Muchelney Abbey is two miles south of Langport off the A372, set in a delightful hamlet. Opening times: daily April - October 10 - 6 (5pm in Oct).

There is not too much of the Abbey left in our day, but it is a lovely location. Muchelney was once a verdant island in the Levels and a quiet haven for monks nd recluses. The Saxon abbey was founded around 693 in the time of King Ine, and it became the second largest abbey in Somerset after Glastonbury. It became Benedictine in the mid-900s.

By the 1500s, the abbey included an Abbey Church and associated buildings, together with a desmesne farm barton, an almonry, a parish church with its vicarage, and a Cross from the 1400s (which was moved in 1829-30 to its present position outside the parish church).

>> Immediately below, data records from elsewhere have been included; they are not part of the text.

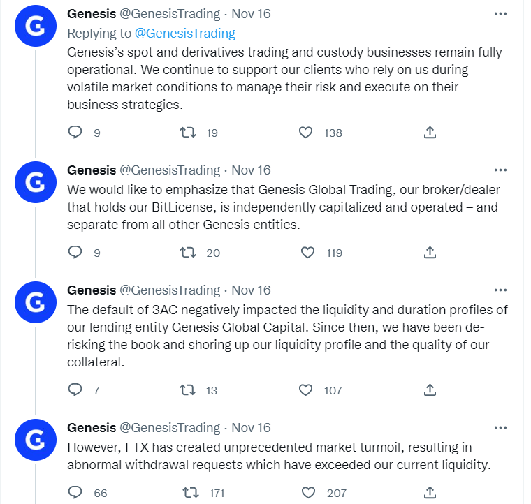 Le ripercussioni del crollo di FTX e il relativo rischio di contagio mostrano pochi segni di allentamento. La società di intermediazione di asset digitali Genesis sta lottando per raccogliere denaro per la sua unità di prestito e avverte gli investitori che potrebbe dover dichiarare bancarotta se i suoi sforzi fallissero.
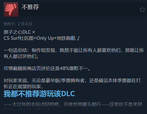 3、《原子之心》新DLC“Trapped in Limbo”遭到IGN批評,評分爲3分。遊戲口碑不佳,好評率僅43%,玩法令人沮喪,被認爲是《神廟逃亡》的克隆。
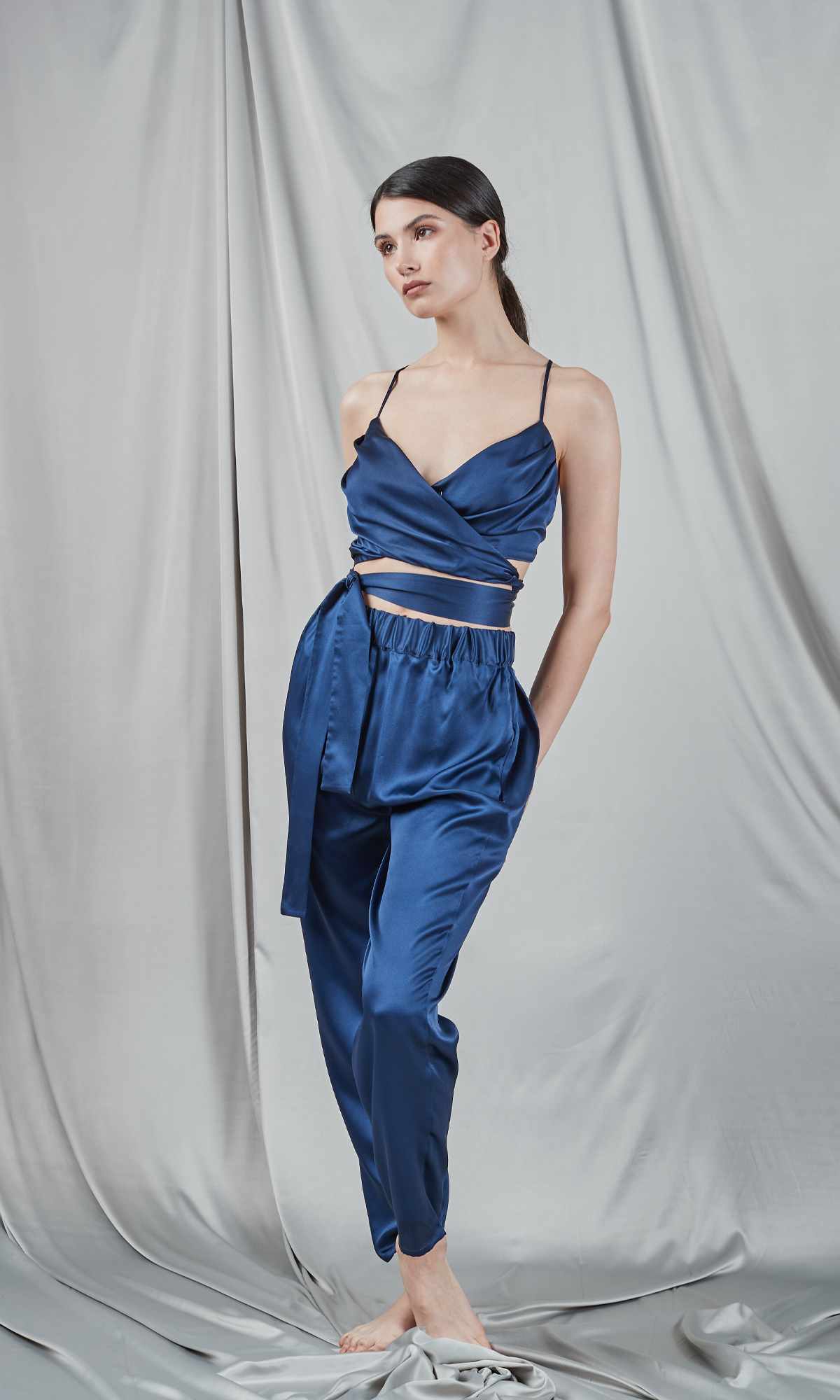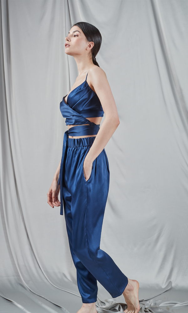 Pantalon bleu marine fuselé en satin, au toucher doux et à l'allure élégante. Sa taille élastiquée assure confort et silhouette flatteuse. La coupe simple, aux lignes épurées et resserrées aux chevilles, offre une esthétique moderne et raffinée. Ce pantalon se porte en toutes occasions, des tenues décontractées chics aux ensembles de soirée sophistiqués.
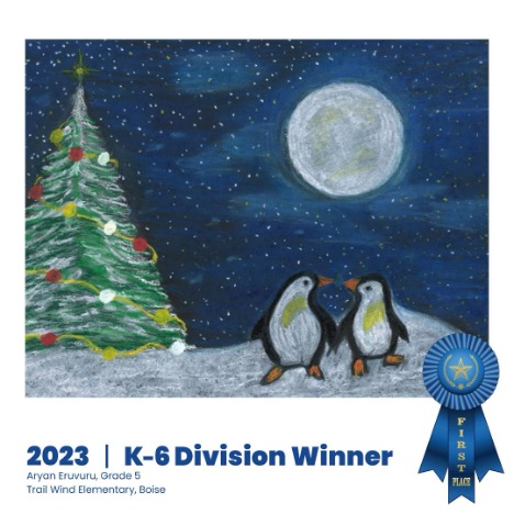 Aryan from Trail Wind Elementary won the Idaho Department of Education holiday card contest for fifth graders.
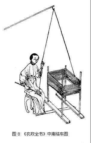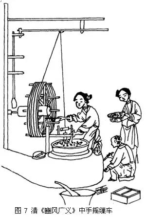 繅車發(fā)明以前,繅絲時(shí)的繞絲工具,最初大概只是簡(jiǎn)單的H型架子,戰(zhàn)國(guó)時(shí)改進(jìn)成轆轤式的繅絲軖〔kuang框〕??壗z軖是手搖繅車的雛形,用竹制成,四角或六角,用短輻交互連接,中貫以軸,使用時(shí)放在繅釜上面,用時(shí)直接拔動(dòng)使之不斷回轉(zhuǎn),將繅釜中引出的絲條,直接纏繞在軖框上。秦漢以后,成形的手搖繅車才出現(xiàn)。唐代手搖繅車的使用已相當(dāng)普遍,唐詩(shī)中就曾多處出現(xiàn)過(guò)繅車的記載,如陸龜蒙詩(shī)句“每和煙雨掉(搖)繅車”,描述了陰雨天里繅婦忙著搖動(dòng)絲車的勞動(dòng)情景;王建詩(shī)句“檐頭索索繰(繅)車?guó)Q”,講繅車轉(zhuǎn)動(dòng)后發(fā)出索索之鳴響。宋代手搖繅車得到進(jìn)一步完善,并出現(xiàn)了有關(guān)具體形制的記載,其制據(jù)秦觀《蠶書(shū)》介紹,系由灶、鍋、錢眼(作用是合并緒絲)、鎖星(導(dǎo)絲滑輪,并有消除絲縷上纇〔lei類〕節(jié)的作用)、添梯(使絲分層卷繞在絲框上的橫動(dòng)導(dǎo)絲桿)、絲鉤、絲軖、車架等部分組成??壡?,須將繭鍋里的絲先穿過(guò)集緒的“錢眼”,繞過(guò)導(dǎo)絲滑輪“鎖星”,再通過(guò)橫動(dòng)導(dǎo)絲桿“添梯”和送絲鉤,繞在絲軖上??墪r(shí),須兩人合作,一人投繭索緒添緒,一人手搖絲軖。元代初年,生產(chǎn)效率遠(yuǎn)較手搖繅車高出許多的腳踏紡車開(kāi)始普及,手搖繅車在各地的使用日漸減少,但由于它結(jié)構(gòu)簡(jiǎn)單,易于操作,有的地方仍在沿用,故清代《豳風(fēng)廣義》和《蠶桑萃編》兩書(shū),仍把手搖繅車作為一種有效的繅絲工具予以介紹(圖7)。
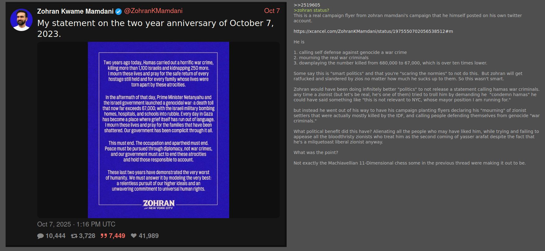 >>2549198You will watch him drop every Pro Palestinian position and never return to them. You will seal-clap for him as more chunks of his remaining platform are peeled off and he degenerates into a centrist lib. You will chastise the left again when they refuse to vote for the next Mamdani™.
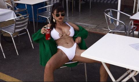 Едрогърдата рускиня реши да се покаже на своите последователи в социалните мрежи с кенче в ръка, бял бански и зелен халат, въпреки че лятото привидно си отиде още преди няколко месеца.
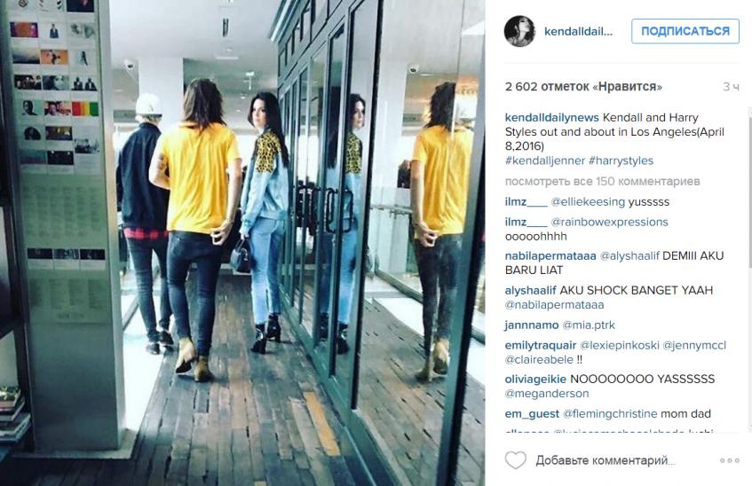 8 апреля кто-то из друзей Кендалл опубликовал в Instagram фото, на котором модель и певец мирно прогуливались по магазинам: Кендалл, одетая в туфли на высоком каблуке, синие джинсы и джинсовую куртку, вышагивает рядом с Гарри, который появился в обтягивающих черных штанах и желтой футболке.
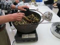 おもてなしのための、ご馳走は、山や田でとれた、さといも、きのこ、たいこん、にんじん、豆などと使って料理します。魚は本来尾頭付きを使いますが、給食では、地元のふくらぎを使いました。
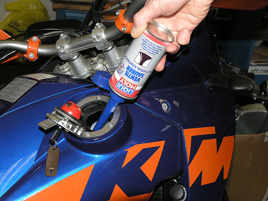 На 4-х тактном мотоцикле сперва выворачиваются свечи зажигания и проворачивая двигатель за заднее колесо распыляется в свечные отверстия LIQUI MOLY Motor Innerkonservierer. В каждое по 5-10 секунд, далее свечи вворачиваются на место.
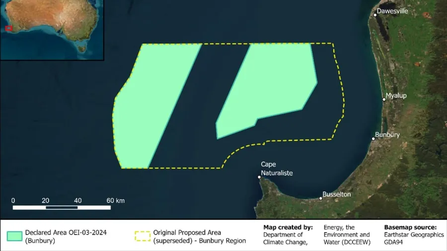 The Australian Government has designated an area in the Indian Ocean near Bunbury, Western Australia, for offshore wind development.
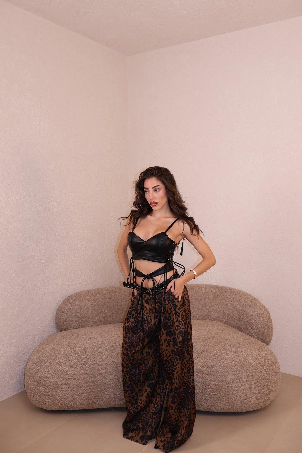 Top corto in similpelle con stringhe laterali, bretelle regolabili, laccetti in vita e cerniera sul retro. La modella indossa S.
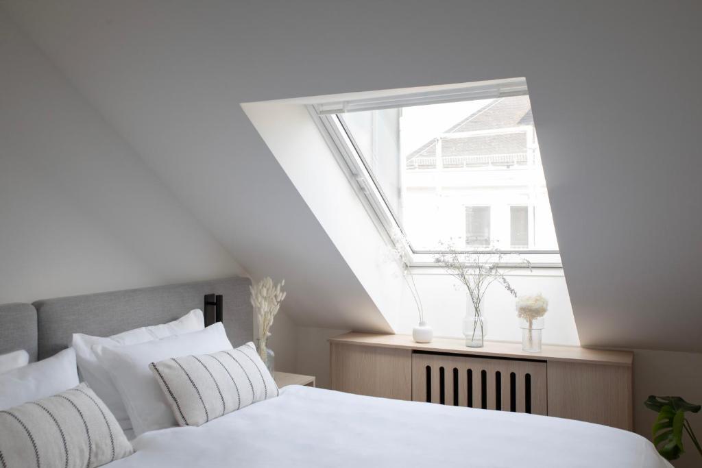 Enten du velger et studio eller en større leilighet, tilbys fleksibilitet for alle typer behov. Det er et perfekt alternativ for både korte og lange opphold. Beliggenheten er uslåelig – bare noen få skritt fra Beethovens hus, 5 minutters gange fra Opera Bonn og 200 m fra Bonns gamle rådhus og de viktigste andre severdighetene innen gangavstand i Bonn.
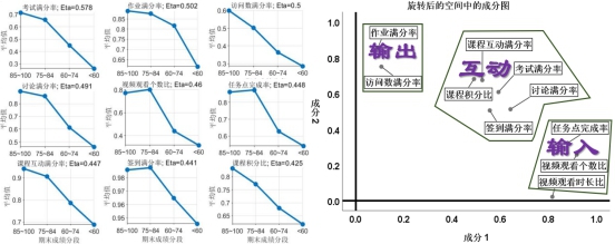 2018年9月,《概率论》迎来了它的首次移动教学改革。如何能够让同学们的学习潜能得到充分挖掘? 这是自移动教学改革以来,熊老师一直在探索的问题。他通过数据分析,走访调查等各种手段,获得了大量反应同学们学习效果的相关指标。这些指标包括但不限于:在线考试成绩,作业成绩,课程访问数,讨论发帖、回帖数,视频观看时长,任务点完成比例,课程互动得分,签到率,以及课程积分等等。熊老师通过2019-2020学年第1学期的概率论课程期末考试成绩与前述指标的相关性分析以及因子分析发现,这些指标大致可以归结为三类,即学习输入(如任务点完成情况),学习输出(如作业完成情况),以及教学互动(如讨论完成情况)。

The south cloister walk and the north wall of a refectory else survive from the 1100s. The abbot's house, dating from the early 1500s, is a delightful combination of farmhouse practicality and monastic beauty. On the external walls much of the finely carved stonework survives, and internally there is carved woodwork, some wall paintings and several pieces of stonework.
At the time of the Domesday survey in 1086, Benedictine Muchelney owned Muchelney, Midelney and Thorney islands. In the survey, it was stated that:
The Church of St. Peter of Micelenye has 4 carucates of land which never paid geld in these islands; Michelenie, Midelenie and Torelie. There is demesne and 2 ploughs and 1 arpent of vineyard. There are 4 serfs and 18 bordars with 2 ploughs. There are 1 riding horse and 21 beasts and 6 swine and 30 she-goats. There are two fisheries paying 600 ells, and 25 acres of meadow and 12 acres of woodland and 100 acres of pasture.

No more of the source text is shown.